For example, a customer of ours is the fashion retailer Quiz. If I bought something from Quiz, I would get an order confirmation via Messenger if I opted into Messenger and through email if I didn’t with a link to the Quiz Messenger channel.

If I wanted to track a parcel or talk about ethical policy, I could go to the Quiz Messenger channel where our AI would assist with any questions. If the questions are too complex, it’s handed over to a human agent.

JP: Why is accessibility important to you as a company?

SS: We focus on the customer and user experience, and that includes those with both physical and mental disabilities. Three years ago, I was at a panel being held by the Citizens Advice Bureau and that was a bit of a wake-up call for me personally and alerted me to how delivery services can be made accessible.

It made me think, wow, we’re in the 21st century and we are still not prioritising this? I’ve worked in last-mile logistics for over thirty years, and it was only at that panel that I realised how common disabilities are and how big of a problem inaccessibility is.

Delivery drivers don’t realise that when someone is taking a long time to answer the door; it could be because they have a disability. By the time the customer gets there, the driver may have already gone, assuming they were not in or left the packaging in an inaccessible place.

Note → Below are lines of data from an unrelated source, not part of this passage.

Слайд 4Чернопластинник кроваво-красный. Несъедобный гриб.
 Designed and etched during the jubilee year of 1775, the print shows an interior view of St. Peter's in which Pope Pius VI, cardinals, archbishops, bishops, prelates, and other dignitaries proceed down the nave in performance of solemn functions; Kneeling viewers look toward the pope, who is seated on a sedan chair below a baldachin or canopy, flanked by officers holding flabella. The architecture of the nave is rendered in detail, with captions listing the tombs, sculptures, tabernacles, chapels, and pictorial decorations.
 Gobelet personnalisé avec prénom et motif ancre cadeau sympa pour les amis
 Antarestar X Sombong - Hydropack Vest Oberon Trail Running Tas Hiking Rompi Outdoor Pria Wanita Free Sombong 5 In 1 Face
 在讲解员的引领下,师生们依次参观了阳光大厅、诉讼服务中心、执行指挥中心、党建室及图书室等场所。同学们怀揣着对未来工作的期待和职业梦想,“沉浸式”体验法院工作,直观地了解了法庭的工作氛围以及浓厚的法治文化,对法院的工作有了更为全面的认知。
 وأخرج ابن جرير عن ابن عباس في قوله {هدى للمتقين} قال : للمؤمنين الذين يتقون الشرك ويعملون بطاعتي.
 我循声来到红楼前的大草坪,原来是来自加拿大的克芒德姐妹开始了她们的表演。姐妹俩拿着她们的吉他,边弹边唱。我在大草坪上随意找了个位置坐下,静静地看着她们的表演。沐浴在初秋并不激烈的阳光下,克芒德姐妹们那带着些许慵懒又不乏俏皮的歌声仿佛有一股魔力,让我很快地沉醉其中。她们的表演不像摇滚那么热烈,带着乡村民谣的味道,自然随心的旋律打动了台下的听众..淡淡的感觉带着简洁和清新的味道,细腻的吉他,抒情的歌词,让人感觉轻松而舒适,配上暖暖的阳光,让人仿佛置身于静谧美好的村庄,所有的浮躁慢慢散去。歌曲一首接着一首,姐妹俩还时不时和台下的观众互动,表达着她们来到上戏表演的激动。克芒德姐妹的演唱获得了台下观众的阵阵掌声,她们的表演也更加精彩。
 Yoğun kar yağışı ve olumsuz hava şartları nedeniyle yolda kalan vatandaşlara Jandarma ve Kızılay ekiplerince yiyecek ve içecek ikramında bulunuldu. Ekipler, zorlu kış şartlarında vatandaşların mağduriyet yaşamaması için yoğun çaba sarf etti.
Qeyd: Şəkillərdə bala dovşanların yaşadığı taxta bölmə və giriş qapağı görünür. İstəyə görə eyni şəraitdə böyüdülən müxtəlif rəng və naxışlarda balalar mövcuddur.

It’s important that the retailer and carrier industry begins to prioritise accessibility, not just for the consumer, but for the company too. One in five people are disabled – that’s a big revenue to lose out on if retailers don’t make themselves more available to disabled people. More inclusion results in bigger revenue.

JP: What research have you conducted to offer the best accessible solution?

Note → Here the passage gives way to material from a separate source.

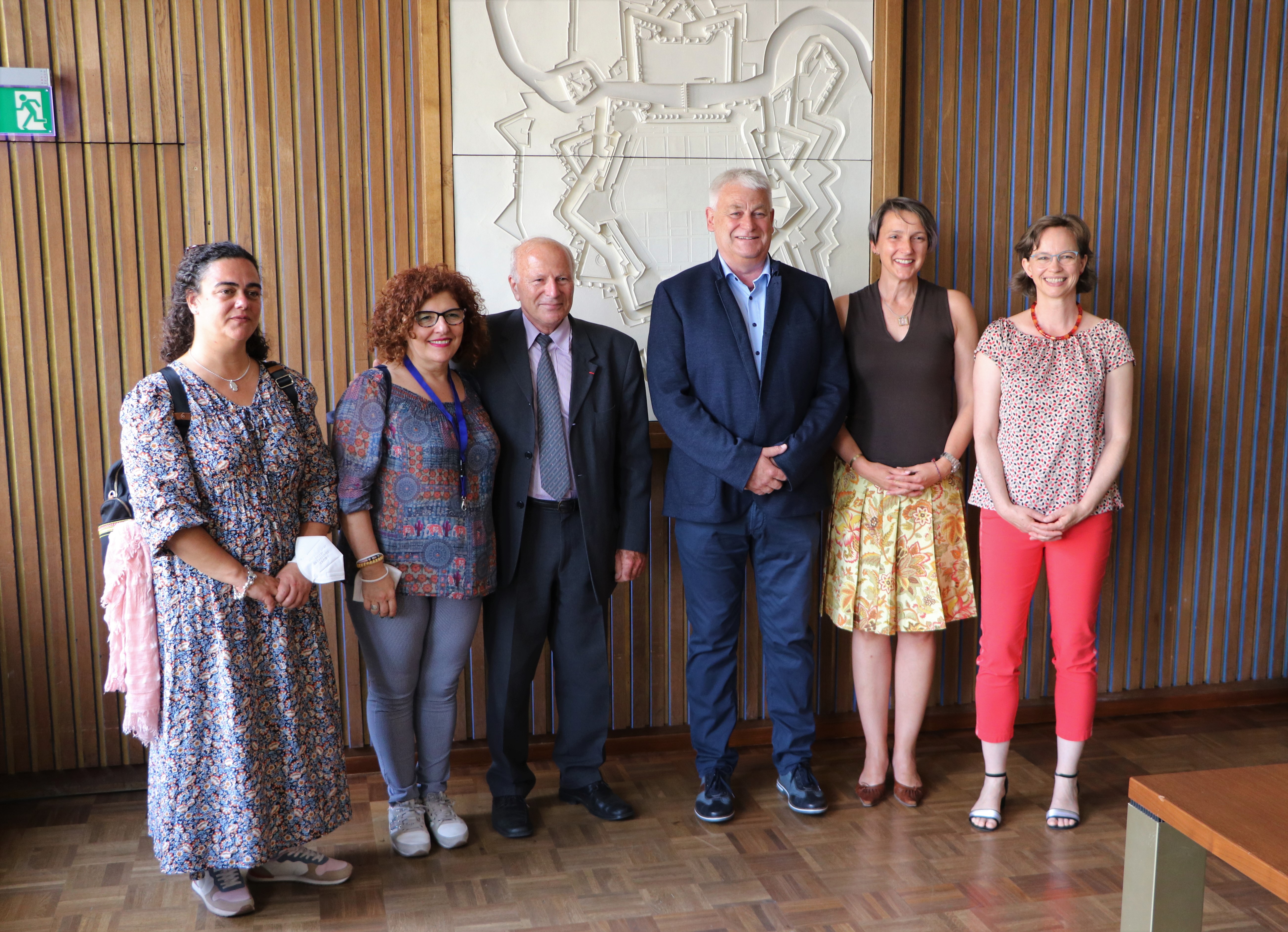 OB Peter Demmer (mitte rechts) und Michel Bouchon (mitte links) zusammen mit den Lehrerinnen der deutschen und spanischen Schulen. (Foto: Sophia Bonnaire)
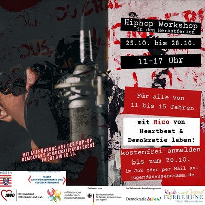 Rico Montero von Heartbeat Edutainment war schon mehrfach in Heusenstamm – zuletzt mit dem Heartbeat-Bus (mobiles Tonstudio) in den Herbstferien 2022. In diesem Jahr begleitet er den Hiphop-Workshop im Juz. In den vier Tagen lernen die Teilnehmenden, wie Hiphop entstanden ist und welche Bedeutung er für unsere heutige Demokratie hat (Einführung in die Welt des Hiphops). Dann wird es ganz praktisch: Gemeinsam wird ein Song geschrieben, der viele positive und motivierende Botschaften enthalten soll – so bekommen die Kids im wahrsten Sinne des Wortes eine Stimme, mit der sie ihre eigenen Erfahrungen und Emotionen ausdrücken können. Schließlich gibt es noch ein Stage-Coaching für die Aufführung auf der Pop-up Democracy Demokratiekonferenz im Jugendzentrum am Abschlusssamstag.

SS: We have a User Experience (UX) team that is tasked with going out to do paid surveys.

Other than that, a lot of the information was taken from the Citizens Advice Bureau, a network of hundreds of independent charities in the UK that provide free and confidential information to help people with money, legal, consumer, and any other problems.

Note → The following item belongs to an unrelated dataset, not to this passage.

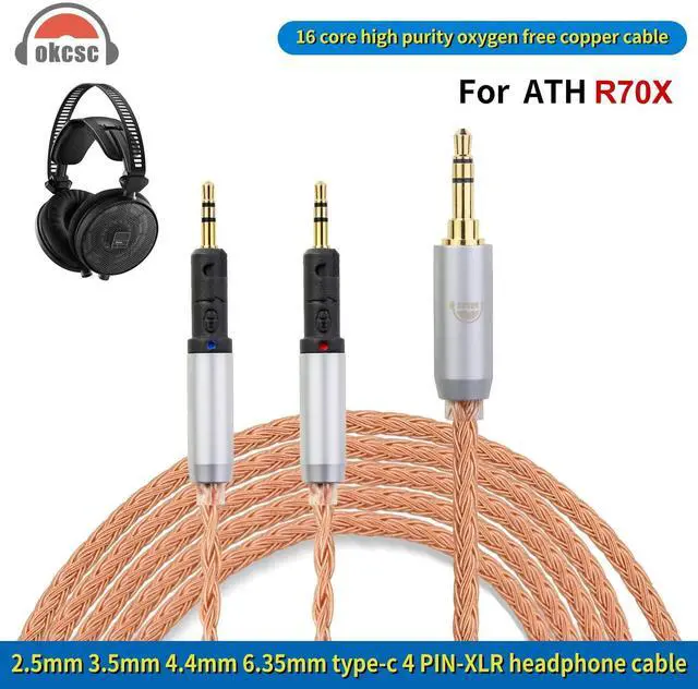 okcsc ZT16 R70X R70XA Upgraded Replacement Cable 16 core OFC high Purity Oxygen Free Copper Hand-Woven Cable, Dual R70X to 6.35MM Extension Cord, for R70X R70XA Headphone 6.35MM 4.92FT

We also have talked with companies like Scope to advise on the best kind of language to use that is sensitive, progressive, and easy to understand.

JP: What advice would you give retailers to make their online services more accessible?

SS: The advice I would give to a retailer is that they need to start thinking about consumers across a different range of capabilities and not just the able-bodied customer; all people work and take in information in different ways, even amongst the able-bodied.

A lot of websites these days are copy and paste, there’s not a lot of thought about customer experience and especially the disabled customer experience.

Begin thinking about what the post-purchase experience looks like and how people manage their lives around the post-purchase experience. In the world of retail, customer experience and gaining loyalty is the million-dollar prize everyone is aiming for, and if you’re cutting out one in five customers by being inaccessible, you’re cutting a large portion of revenue.